PPR is also a way to challenge yourself more and use strategy when setting a lineup. You could be down by 21 points going into the final game, and you have to choose between Cooper Kupp and Robert Woods and your opponent is done. In a standard league, 21 points is a lot for a player like Kupp and Woods has the touchdown ceiling. But, in PPR you have a great chance of breaking 21, with a short route catch specialist like Kupp over Woods.
Cons of PPR format
You may have a broken TV at the end of the night when you are up 30, and Justin Herbert checks down to Austin Ekeler all game and end up losing. But that’s fantasy.
PPR Draft Strategy
Now it’s draft time, but don’t worry, here are some pre-draft day strategies that will help you end up on top.
PPR Draft Strategy 1: Value Running Backs
The first two rounds in PPR should be the same strategy as if you are drafting for a standard league. Go back-to-back running backs. The beauty of PPR is that the wide receiver draft pool is deep.
Even if you have a late pick around 7 to 10, you should still go running back. Even if Nick Chubb falls, who is an amazing running back but not ideal for PPR, he will still get you top-tier production simply off the ground game. Then in the second round, pick up a pass-catching back like Clyde Edwards-Helaire or Joe Mixon.
Chances are Tyreek Hill and Davante Adams will get taken early in a PPR draft. But, you can easily find wide receivers that will put up similar production as these two such as Amari Cooper. Cooper will be a steal in the third or fourth round.

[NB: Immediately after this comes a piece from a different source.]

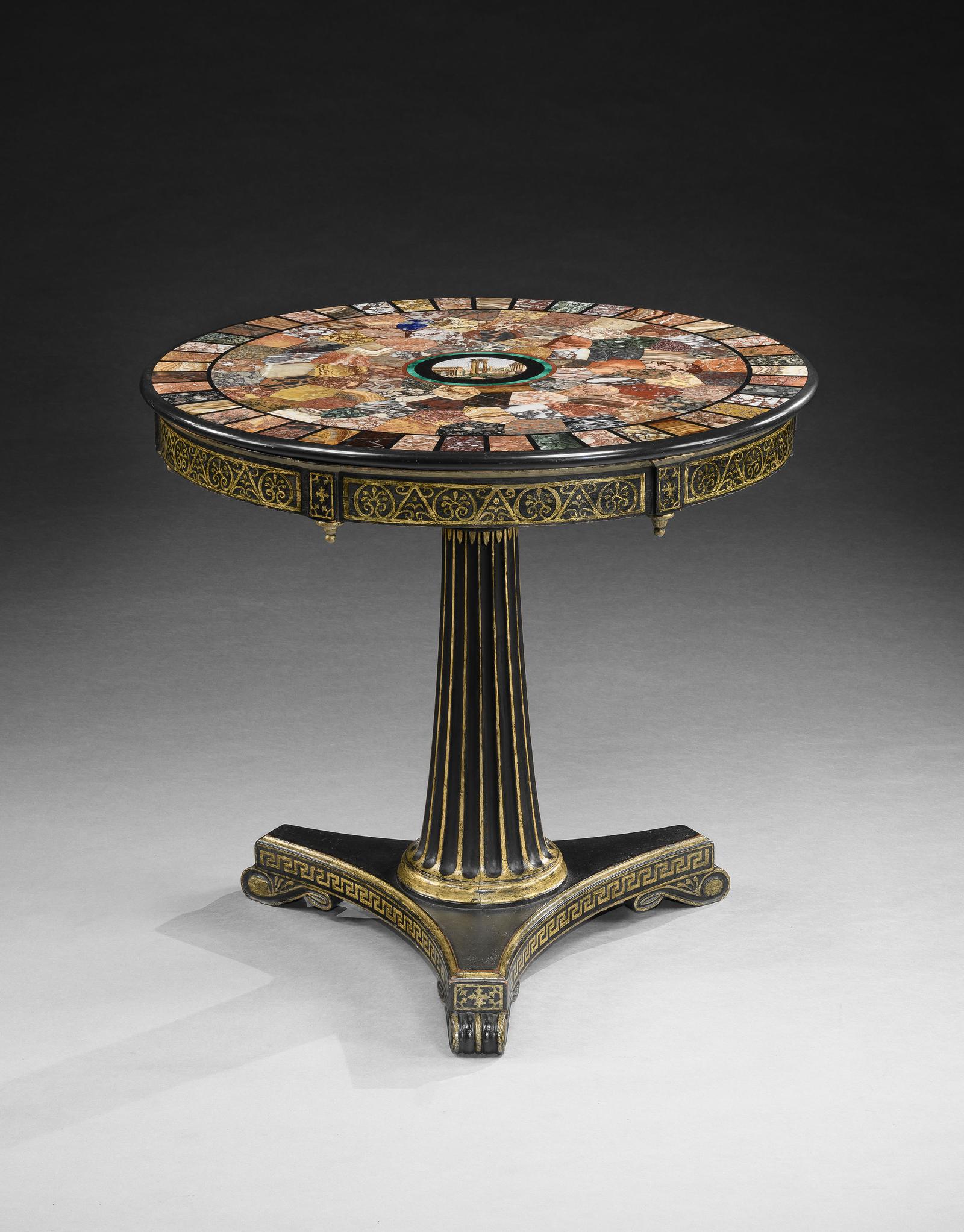Regency Gilt & Ebonised Table with Specimen Marble Top

PPR Draft Strategy 2: Snag a Tight End
Another PPR strategy is, after grabbing back-to-back running backs, if available, go for one of the top two tight ends in Travis Kelce or George Kittle. If they are available for your third-round pick, don’t hesitate, as these guys are pretty much wide receivers.

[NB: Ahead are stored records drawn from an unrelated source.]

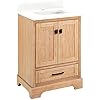 Product Summary: Signature Hardware 483351 Quen 24" Free Standing Single Basin Vanity Set with Cabinet, Vanity Top, and Undermount Sink - 1 Faucet Hole - Driftwood Brown/Feathered White Quartz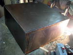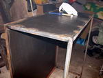 - только варю остов из уголка. Листы металла вырезаю по размеру и обшиваю им остов с посадкой на винты с потайными головками через каждые 4 см.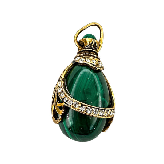 Vintage Malachite Egg Pendant With Gold Tone Filigree Detailing

If these two go quick, then make a pick at a wide receiver and look for Darren Waller in a later round. There are other later-round sleeper tight ends you can get, but it is smart to get one of these three early. The rest of the tight end pool isn’t going to get 10 plus targets a game.
PPR Draft Strategy 3: Quarterback scoring is still the same
Another mistake I see in PPR is drafters will draft the quarterback position way too high. The quarterback position doesn’t add to PPR, their scoring stays the same. So, don’t feel anxious to take a quarterback in the early rounds.

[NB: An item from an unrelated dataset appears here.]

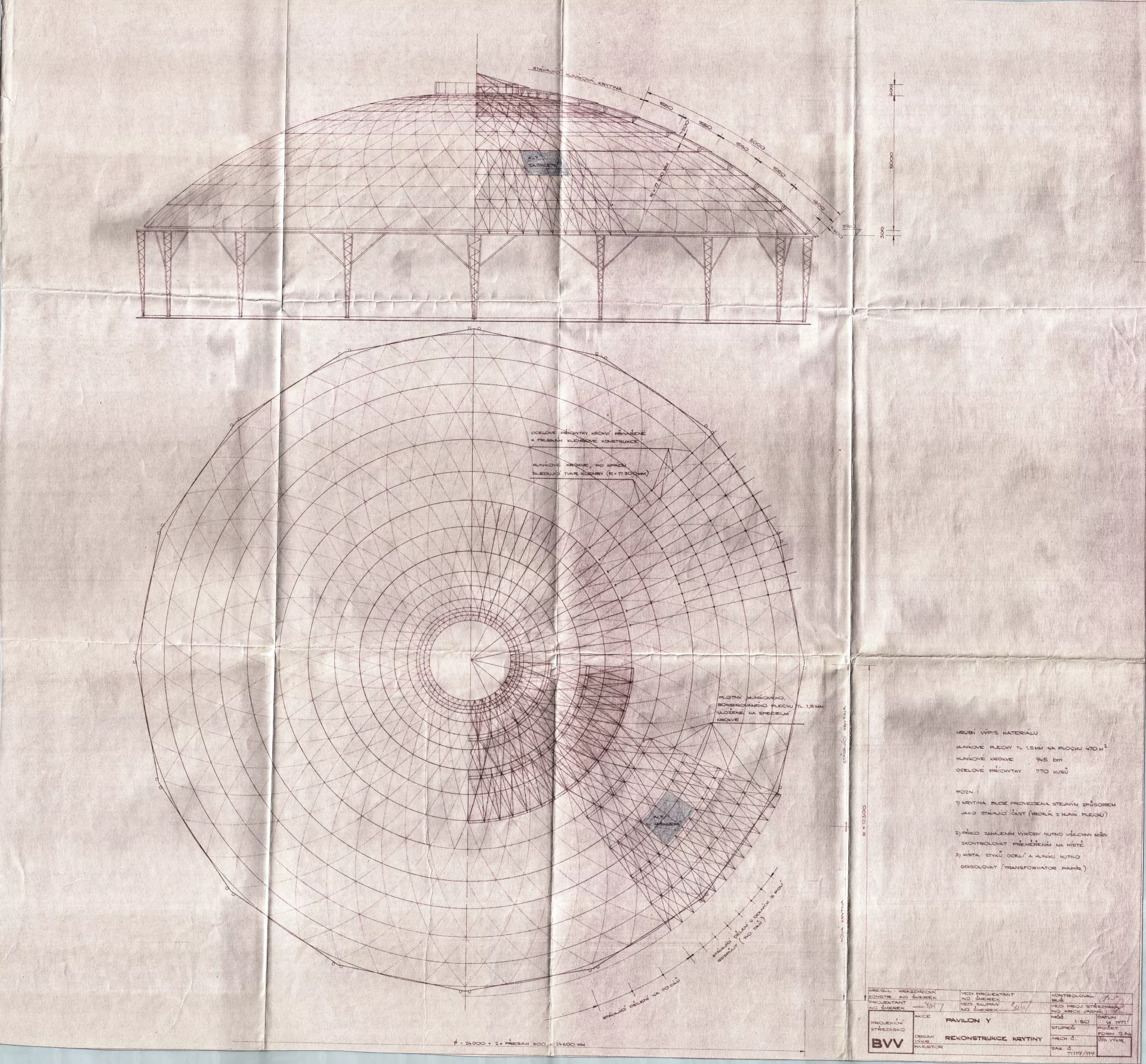 Bevor die konstruktionsmäßig unikalen Kuppeln der Pavillons C und Z errichtet wurden, war dieses System von Ferdinand Lederer, der damals als Professor an der Brünner Technischen Hochschule tätig war, bei dem Bau des Pavillons Y erprobt worden. Es handelte sich um eine durch spiralförmig gestaltete Stahlstäbe in die Form einer Kugelkappe entworfene Konstruktion; an Schnittstellen waren die Stäbe durch Stahlbügel verknüpft. Im Jahre 1982 wurde der kleine Pavillon unweit des Bauer-Schlösschens um einen Erweiterungsbau mit Eingang und Sanitäranlagen nach dem Entwurf vom Architekten Jaroslav Šmerek ergänzt. PH

Building up your running backs and wide receivers in the early rounds is a great strategy to use for trades during the season. Then you can use those extra backups to trade for a quarterback if needed.
PPR Draft Strategy 4: Committee players put up numbers too
Also, one of the biggest PPR strategies is snagging a running back on teams that run a committee for their running backs. In a standard league, these players won’t put up the numbers you want. But, players like J.D. McKissic and Philip Lindsay can put up high numbers in the passing game. Even if they only get around 15 to 20 snaps a game. These are great super late-round picks.
PPR Draft Strategy 5: Get the players you want
The strategy is, don’t feel afraid to reach in the mid-rounds. PPR is a whole different monster, so don’t play the “I’ll take the bigger name here, and hope my pick is here next round.” Your draft isn’t going to go perfect. Others will reach, so don’t feel afraid to reach for smaller names.
In PPR usually, the second or third receiving option on a team will put up close to the same numbers as the number one just off receptions. Smaller names will put up big fantasy numbers.
Now get to preparing and good luck
Note fantasy championships aren’t won in the draft. Waivers will be huge and trades as well.
But, these tips will get you on the right track to formulate a championship team in your draft this year. Just remember to breathe and have backups when someone steals your pick right before you.
Best of luck and please no broken TVs this year.